Input material:
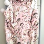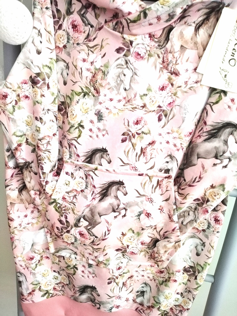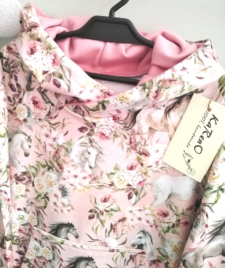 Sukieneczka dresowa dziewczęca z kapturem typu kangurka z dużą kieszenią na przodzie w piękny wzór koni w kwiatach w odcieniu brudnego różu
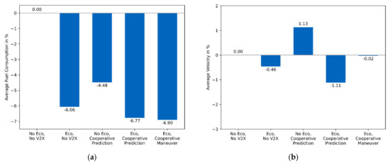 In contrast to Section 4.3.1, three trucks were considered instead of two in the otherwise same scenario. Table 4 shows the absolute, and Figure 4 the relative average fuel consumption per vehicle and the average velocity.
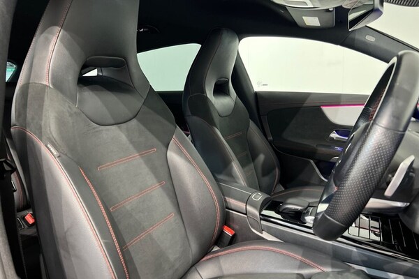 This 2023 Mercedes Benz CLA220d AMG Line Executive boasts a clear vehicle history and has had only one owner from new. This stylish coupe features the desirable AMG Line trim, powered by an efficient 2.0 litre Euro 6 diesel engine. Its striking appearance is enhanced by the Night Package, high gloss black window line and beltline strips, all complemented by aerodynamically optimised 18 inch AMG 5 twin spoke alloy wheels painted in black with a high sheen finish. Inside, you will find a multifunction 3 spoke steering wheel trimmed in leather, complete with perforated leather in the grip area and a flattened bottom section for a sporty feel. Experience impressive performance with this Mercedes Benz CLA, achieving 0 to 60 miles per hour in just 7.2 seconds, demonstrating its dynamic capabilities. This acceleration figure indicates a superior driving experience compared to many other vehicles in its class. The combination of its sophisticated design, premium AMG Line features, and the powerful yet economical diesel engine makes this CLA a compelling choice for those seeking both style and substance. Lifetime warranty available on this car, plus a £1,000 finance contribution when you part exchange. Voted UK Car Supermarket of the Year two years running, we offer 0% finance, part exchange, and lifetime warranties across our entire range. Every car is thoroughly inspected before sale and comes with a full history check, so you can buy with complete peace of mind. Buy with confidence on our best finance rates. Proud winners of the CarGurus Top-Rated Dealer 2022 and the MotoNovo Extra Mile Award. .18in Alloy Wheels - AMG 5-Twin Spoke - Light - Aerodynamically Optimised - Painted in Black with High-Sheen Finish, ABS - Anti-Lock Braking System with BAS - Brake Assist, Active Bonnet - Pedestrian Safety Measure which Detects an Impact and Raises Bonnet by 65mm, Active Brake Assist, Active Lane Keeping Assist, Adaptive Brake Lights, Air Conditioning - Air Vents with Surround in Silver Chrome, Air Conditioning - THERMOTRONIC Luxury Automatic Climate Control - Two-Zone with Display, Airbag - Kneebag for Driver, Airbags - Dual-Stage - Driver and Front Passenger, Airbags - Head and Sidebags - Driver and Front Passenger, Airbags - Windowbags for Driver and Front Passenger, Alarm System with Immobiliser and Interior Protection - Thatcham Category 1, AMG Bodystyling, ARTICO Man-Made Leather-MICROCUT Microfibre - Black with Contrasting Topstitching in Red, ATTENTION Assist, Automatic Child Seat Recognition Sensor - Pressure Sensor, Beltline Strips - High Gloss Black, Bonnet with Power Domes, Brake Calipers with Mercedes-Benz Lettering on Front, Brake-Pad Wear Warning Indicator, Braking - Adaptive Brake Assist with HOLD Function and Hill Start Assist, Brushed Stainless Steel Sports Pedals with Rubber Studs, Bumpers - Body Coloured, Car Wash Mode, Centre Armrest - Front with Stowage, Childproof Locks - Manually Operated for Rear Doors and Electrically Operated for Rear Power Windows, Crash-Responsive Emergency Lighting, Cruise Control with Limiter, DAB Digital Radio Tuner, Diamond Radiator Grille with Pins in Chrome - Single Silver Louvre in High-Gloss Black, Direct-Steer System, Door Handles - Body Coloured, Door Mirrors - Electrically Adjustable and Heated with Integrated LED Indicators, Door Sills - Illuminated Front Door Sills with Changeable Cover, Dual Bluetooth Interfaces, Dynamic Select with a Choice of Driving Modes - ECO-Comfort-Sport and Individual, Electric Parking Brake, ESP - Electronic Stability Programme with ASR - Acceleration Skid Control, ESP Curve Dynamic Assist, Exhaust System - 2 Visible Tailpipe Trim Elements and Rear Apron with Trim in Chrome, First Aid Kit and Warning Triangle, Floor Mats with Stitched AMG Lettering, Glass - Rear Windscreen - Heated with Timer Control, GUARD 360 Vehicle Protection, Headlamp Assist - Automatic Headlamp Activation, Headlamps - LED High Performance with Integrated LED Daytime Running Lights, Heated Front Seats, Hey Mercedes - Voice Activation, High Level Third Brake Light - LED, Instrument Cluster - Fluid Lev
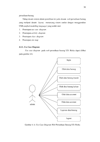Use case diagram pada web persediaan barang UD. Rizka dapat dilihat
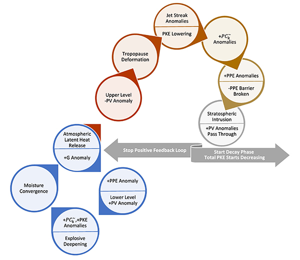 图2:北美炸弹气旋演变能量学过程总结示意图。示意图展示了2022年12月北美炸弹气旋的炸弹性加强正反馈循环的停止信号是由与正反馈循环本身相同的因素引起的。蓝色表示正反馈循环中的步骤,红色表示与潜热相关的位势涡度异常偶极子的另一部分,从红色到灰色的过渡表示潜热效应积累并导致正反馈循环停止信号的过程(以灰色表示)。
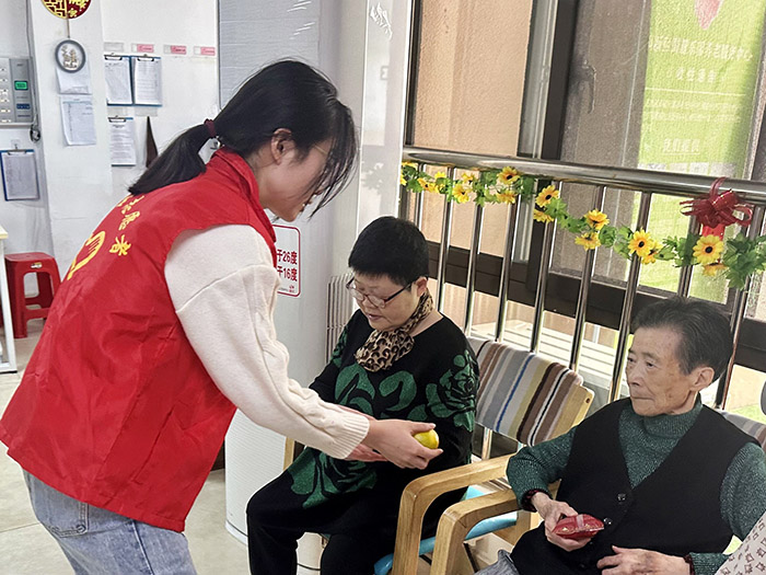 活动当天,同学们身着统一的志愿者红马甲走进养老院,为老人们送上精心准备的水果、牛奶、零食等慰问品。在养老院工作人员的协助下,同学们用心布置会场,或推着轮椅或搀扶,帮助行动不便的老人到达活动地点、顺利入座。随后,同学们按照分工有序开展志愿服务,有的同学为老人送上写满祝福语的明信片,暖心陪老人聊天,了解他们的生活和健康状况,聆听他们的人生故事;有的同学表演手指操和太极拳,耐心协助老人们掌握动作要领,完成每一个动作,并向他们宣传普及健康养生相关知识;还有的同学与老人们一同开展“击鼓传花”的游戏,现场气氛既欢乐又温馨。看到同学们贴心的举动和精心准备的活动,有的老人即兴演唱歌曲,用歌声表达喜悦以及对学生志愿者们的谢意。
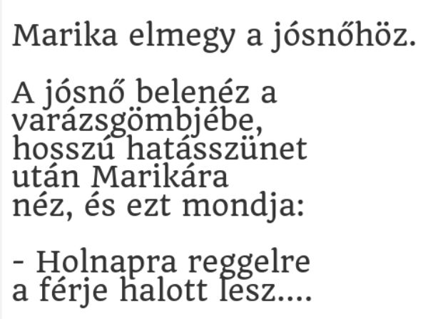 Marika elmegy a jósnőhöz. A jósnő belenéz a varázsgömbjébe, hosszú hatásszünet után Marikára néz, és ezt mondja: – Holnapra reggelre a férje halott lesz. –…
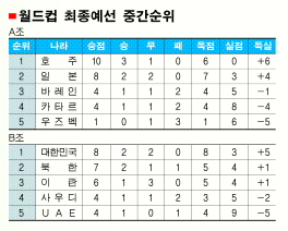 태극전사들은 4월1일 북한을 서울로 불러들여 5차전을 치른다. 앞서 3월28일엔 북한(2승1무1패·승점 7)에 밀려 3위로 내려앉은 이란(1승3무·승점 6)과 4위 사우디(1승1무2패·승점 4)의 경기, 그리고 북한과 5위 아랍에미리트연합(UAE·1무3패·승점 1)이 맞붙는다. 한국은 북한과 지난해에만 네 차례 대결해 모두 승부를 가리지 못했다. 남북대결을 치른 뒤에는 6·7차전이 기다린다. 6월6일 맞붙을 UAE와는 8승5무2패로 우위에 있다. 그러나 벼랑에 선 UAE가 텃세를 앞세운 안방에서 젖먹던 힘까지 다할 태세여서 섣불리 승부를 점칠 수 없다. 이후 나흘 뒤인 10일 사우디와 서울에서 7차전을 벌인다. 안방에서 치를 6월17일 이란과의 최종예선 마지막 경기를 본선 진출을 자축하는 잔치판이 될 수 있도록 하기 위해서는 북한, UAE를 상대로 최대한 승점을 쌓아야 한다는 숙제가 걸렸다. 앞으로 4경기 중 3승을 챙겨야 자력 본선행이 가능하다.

==

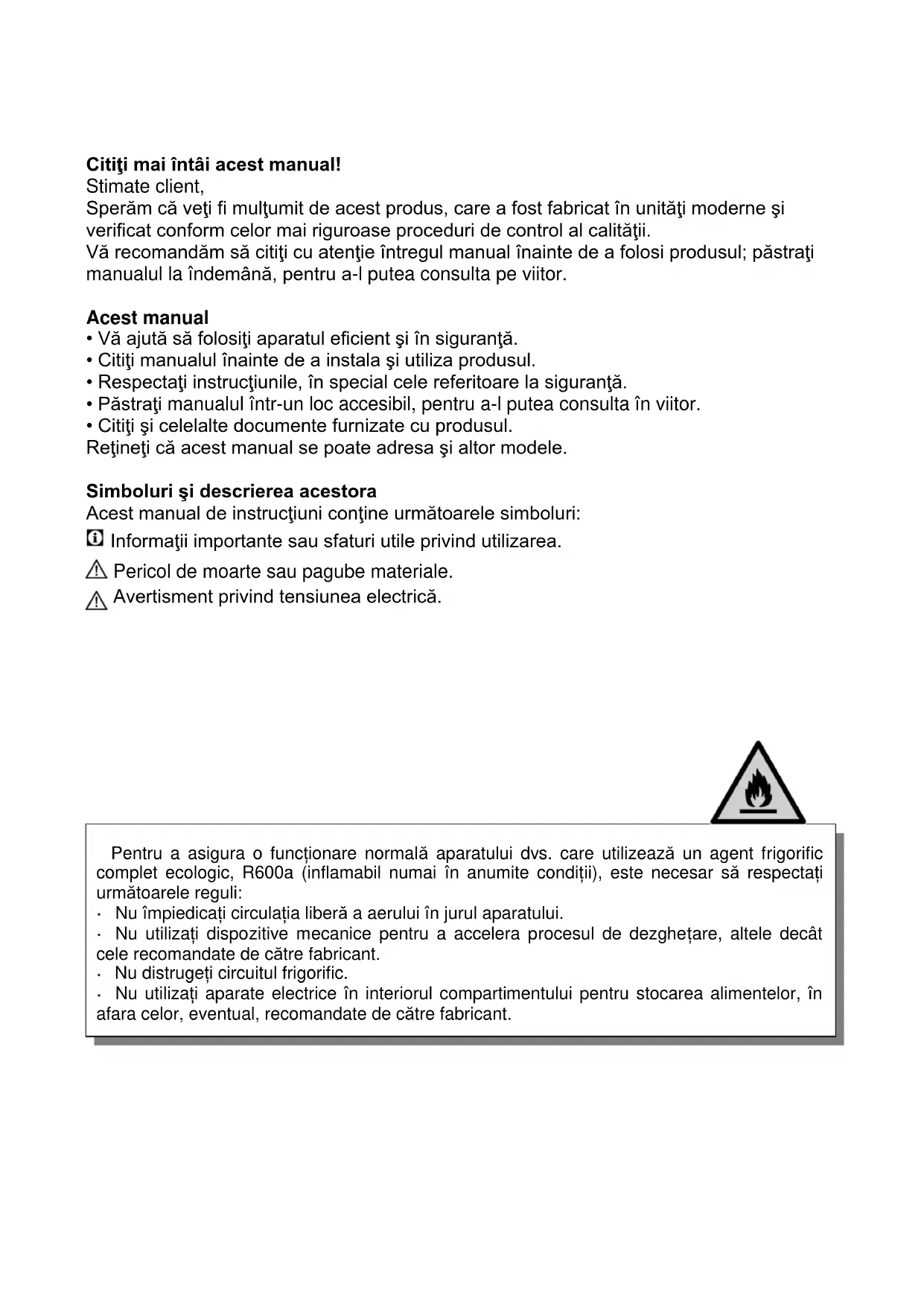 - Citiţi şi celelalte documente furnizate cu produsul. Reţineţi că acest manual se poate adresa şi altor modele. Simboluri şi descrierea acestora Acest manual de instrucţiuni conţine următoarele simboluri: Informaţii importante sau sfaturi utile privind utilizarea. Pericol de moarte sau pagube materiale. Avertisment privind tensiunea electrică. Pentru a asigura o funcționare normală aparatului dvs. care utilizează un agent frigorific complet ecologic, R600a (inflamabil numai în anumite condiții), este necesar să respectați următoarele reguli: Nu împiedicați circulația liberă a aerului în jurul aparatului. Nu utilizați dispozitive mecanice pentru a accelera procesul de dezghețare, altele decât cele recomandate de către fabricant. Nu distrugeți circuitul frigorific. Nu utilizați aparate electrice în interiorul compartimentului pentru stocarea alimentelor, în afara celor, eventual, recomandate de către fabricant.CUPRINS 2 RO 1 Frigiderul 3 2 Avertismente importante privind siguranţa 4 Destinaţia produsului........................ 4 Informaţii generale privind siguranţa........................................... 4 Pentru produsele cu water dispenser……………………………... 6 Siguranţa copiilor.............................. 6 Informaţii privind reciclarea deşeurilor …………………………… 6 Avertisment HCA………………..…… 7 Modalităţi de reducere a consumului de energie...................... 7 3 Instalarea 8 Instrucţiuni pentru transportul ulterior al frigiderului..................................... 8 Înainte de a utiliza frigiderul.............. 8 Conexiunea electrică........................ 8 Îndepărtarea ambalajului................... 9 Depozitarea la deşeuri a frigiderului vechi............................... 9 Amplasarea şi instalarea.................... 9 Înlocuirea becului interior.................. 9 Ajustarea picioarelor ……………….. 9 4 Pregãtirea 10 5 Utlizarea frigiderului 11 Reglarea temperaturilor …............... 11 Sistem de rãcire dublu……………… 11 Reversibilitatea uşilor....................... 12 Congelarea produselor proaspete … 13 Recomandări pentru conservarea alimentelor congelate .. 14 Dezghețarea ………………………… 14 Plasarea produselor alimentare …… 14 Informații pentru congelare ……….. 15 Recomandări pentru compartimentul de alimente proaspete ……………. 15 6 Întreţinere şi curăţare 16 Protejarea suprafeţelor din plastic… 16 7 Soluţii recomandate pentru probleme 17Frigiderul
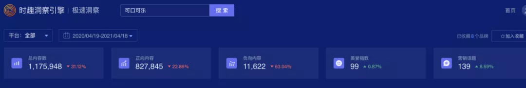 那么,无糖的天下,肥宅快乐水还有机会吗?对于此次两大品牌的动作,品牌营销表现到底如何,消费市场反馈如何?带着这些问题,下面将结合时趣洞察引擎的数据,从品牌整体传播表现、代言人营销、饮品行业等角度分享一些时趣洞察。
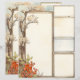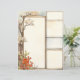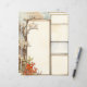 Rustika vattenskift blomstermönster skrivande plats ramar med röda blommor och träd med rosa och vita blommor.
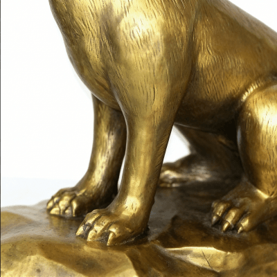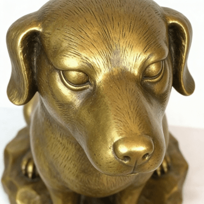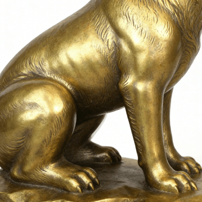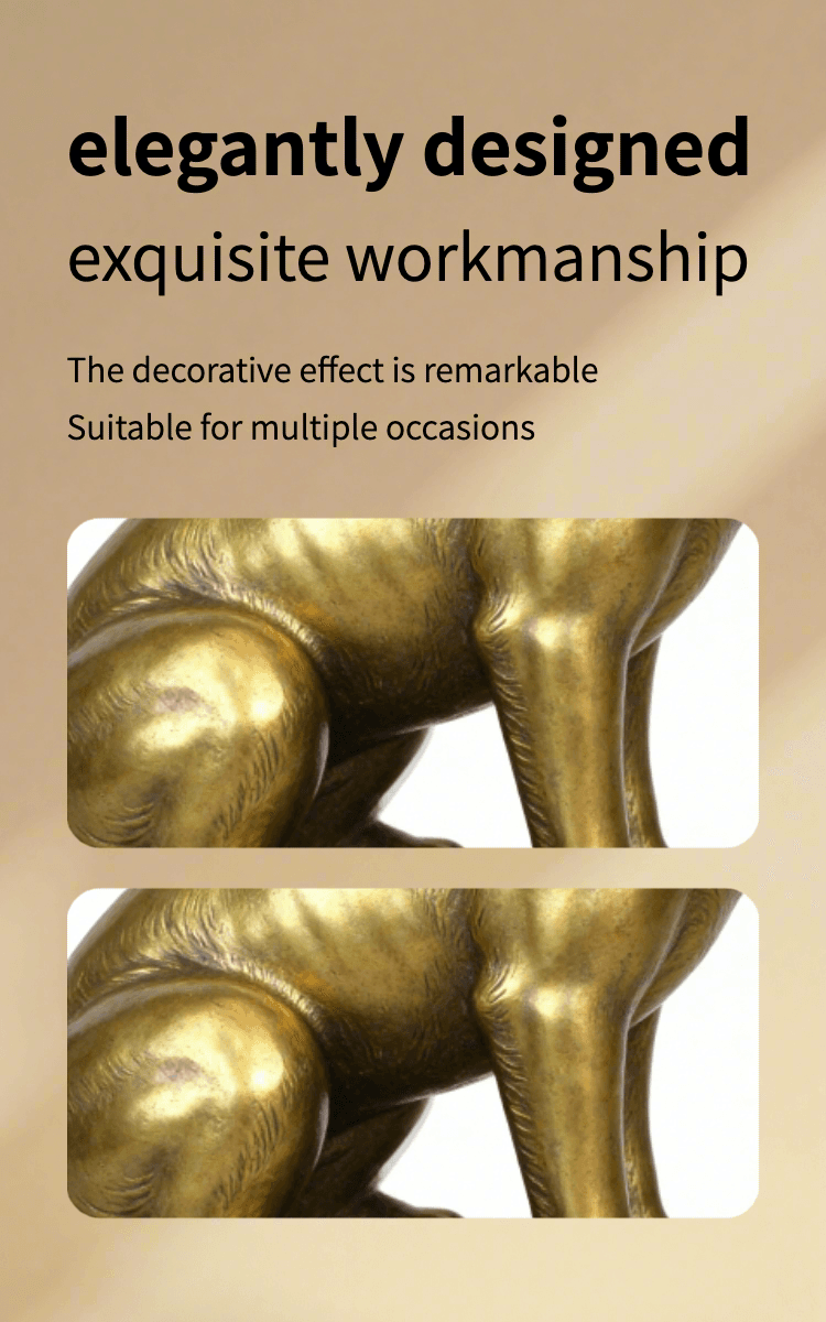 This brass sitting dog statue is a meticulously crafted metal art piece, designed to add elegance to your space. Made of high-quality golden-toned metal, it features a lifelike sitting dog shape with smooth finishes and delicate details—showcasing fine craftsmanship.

About this exercise:
Exact copy, no pictures. Write out the lines in the entries above, starting with the line with "Sukieneczka dresowa dziewczęca" and going on through the line with "In contrast to", keeping both.

Exercise output:
 Sukieneczka dresowa dziewczęca z kapturem typu kangurka z dużą kieszenią na przodzie w piękny wzór koni w kwiatach w odcieniu brudnego różu
 In contrast to Section 4.3.1, three trucks were considered instead of two in the otherwise same scenario. Table 4 shows the absolute, and Figure 4 the relative average fuel consumption per vehicle and the average velocity.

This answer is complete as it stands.